Let’s imagine, for the sake of argument, that Abraham Lincoln once shared a bed with a stranger, some random 65-year-old woman, in a ramshackle tavern in rural Illinois, in order to stave off frostbite during a blizzard. (Lincoln traveled frequently, on horseback, all over the state, for his law practice, and as a politician.) Those two could very well have shared that bed innocently. They would have had a good reason. But Lincoln never would have done it, because he was an honorable (and married) man, and: Anyone who knew about the bed-sharing would have had a hard time resting easy in an “innocent” interpretation of it.

In the United States, in the 1980s and 90s: an “innocent interpretation” of the Catholic prelate Theodore McCarrick forcing a subordinate or minor to share a bed with him? Not available. You simply could not take as a settled fact that McCarrick shared the bed in that way–a fact that McCarrick never denied–and also hold that McCarrick “could be perfectly innocent of wrongdoing.” That was not a reasonable option.

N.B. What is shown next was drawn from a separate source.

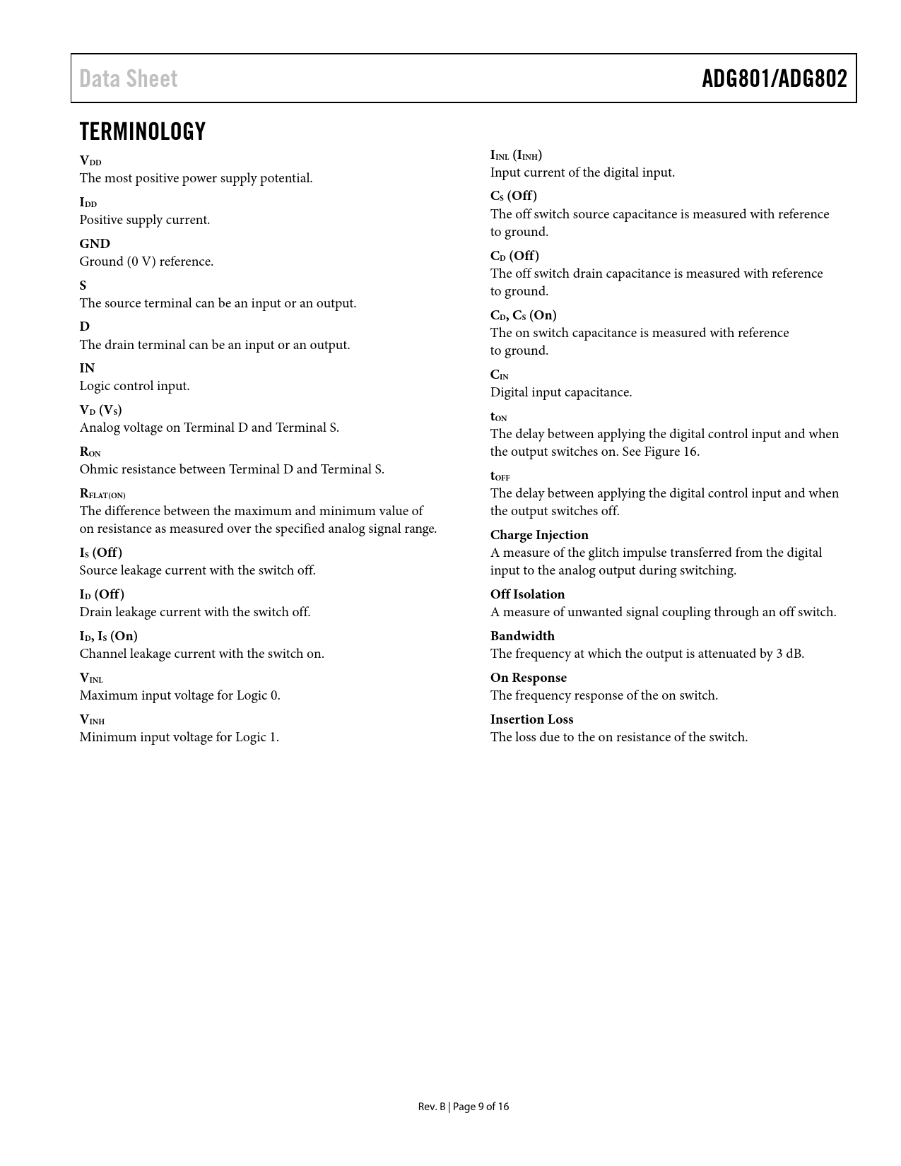 Data Sheet. ADG801/ADG802. TERMINOLOGY V. IINL (IINH). CS (Off). GND. CD (Off). CD, CS (On). CIN. VD (VS). tON. RON. tOFF. RFLAT(ON)

It was evident then, based on the undisputed fact, that McCarrick was a serial sexual predator, constantly looking for and grooming potential victims. The recent Vatican report would have us believe otherwise. But the report’s contention to that effect is just as untenable as the magical thinking about McCarrick being innocent twenty years ago.

The Vatican report quotes an anonymous priest (“Priest 4”) whose testimony unveils McCarrick’s genuine intentions in his “innocent, imprudent” bed-sharing strategy: [WARNING: Reading this will likely make you vomit.]

During the Summer of 1985, Bishop McCarrick’s priest secretary telephoned Priest 4 to tell him that McCarrick had invited him on an overnight trip to the beach house in Sea Girt, New Jersey, along with some other seminarians. The invitation made Priest 4 uneasy given McCarrick’s previous behavior, so he decided to speak to Monsignor Gambino, whom he trusted. Gambino told him that he “should go” and that “if I did not accept the invitation it would be frowned upon by the Bishop,” so Priest 4 decided to accept.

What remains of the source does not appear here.